Member of the House of Representatives
- In office 6 December 2023 – 11 November 2025

Personal details
- Born: 4 January 1979 (age 47) Ermelo, Netherlands
- Party: New Social Contract (since 2023)
- Other political affiliations: Christian Democratic Appeal (until 2023)
- Education: University of Twente

= Olger van Dijk =

Dutch politician (born 1979)

Olger C. van Dijk (born 4 January 1979) is a Dutch politician of the New Social Contract (NSC) party who served as a member of the House of Representatives between 2023 and 2025.

== Political career ==
Van Dijk had been a member of the Christian Democratic Appeal (CDA) until he switched to NSC in 2023, when it was founded by Pieter Omtzigt, a former CDA member. He was asked to join by Eddy van Hijum, and he described NSC as having similar political views as the CDA, but with a broader foundation. He was elected to the House of Representatives in the 2023 Dutch general election. His portfolio included infrastructure, public transport, aviation, water management, and sports before the latter three were replaced by defense following the Schoof cabinet's swearing in.

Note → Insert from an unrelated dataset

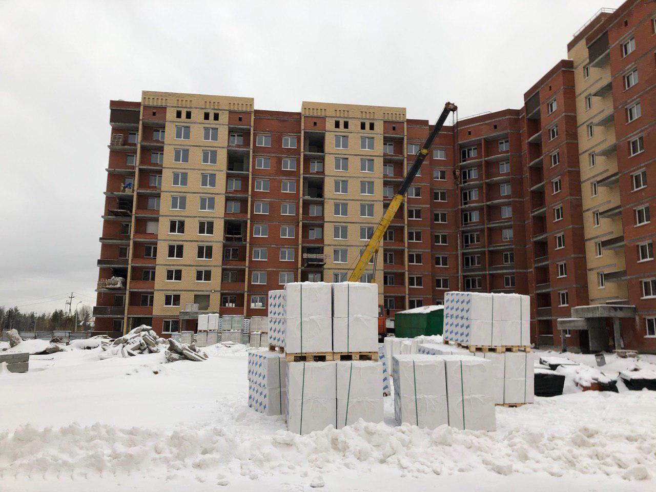 Ведется монтаж перегородок внутри дома, подъем материалов/
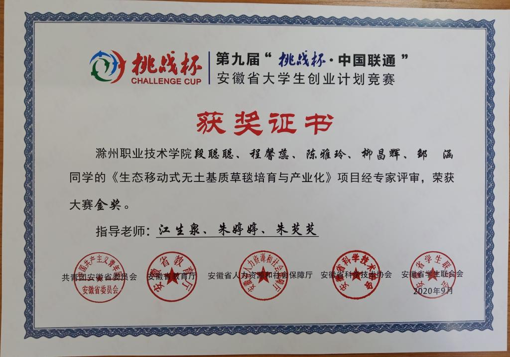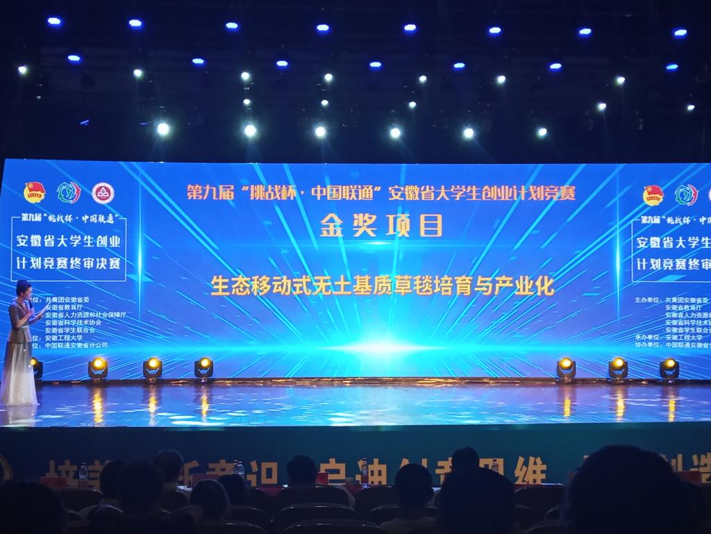 9月5日至7日,第九届“挑战杯.中国联通”安徽省大学生创业计划竞赛终审决赛在安徽工程大学隆重举行。金沙威尼斯官网食品与环境工程学院18园林2班段聪聪、程馨蕊、陈雅玲、柳昌辉、邹涵同学的“生态移动式无土基质草毯培育及产业化项目”经过校赛、省赛初赛及终审决赛多轮紧张角逐,最终荣获大赛金奖,并顺利晋级国赛。该金奖也是生态环保和可持续发展组别中唯一获金奖的高职院校,其项目产品也受到评委专家及领导的充分肯定。

In 2024, Van Dijk and Habtamu de Hoop (GL/PvdA) proposed a bill that would allow provinces to establish their own public transport companies. They are required to tender to corporations, and some provinces were encountering difficulties in receiving sufficient bids. Van Dijk believed a public company could lead to improved accessibility and service for students and the elderly, in particular. Responding to unsafe situations and nuisance caused by electric fatbikes, he introduced a motion with Hester Veltman (VVD) calling on the government to set a minimum driving age of 14 and to require helmets. Minister Barry Madlener advised against the motion, but it was adopted by an overwhelming majority of the House. Madlener did not comply, arguing that fatbikes could not easily be distinguished from other electric bicycles and that they do not come with increased risk. Another motion by Van Dijk passed in which the House urged Madlener to limit air traffic at Amsterdam Airport Schiphol more severely to reduce noise pollution for local residents, in line with the cabinet's governing agreement.

He did not run for re-election in 2025, and his term ended on 11 November 2025.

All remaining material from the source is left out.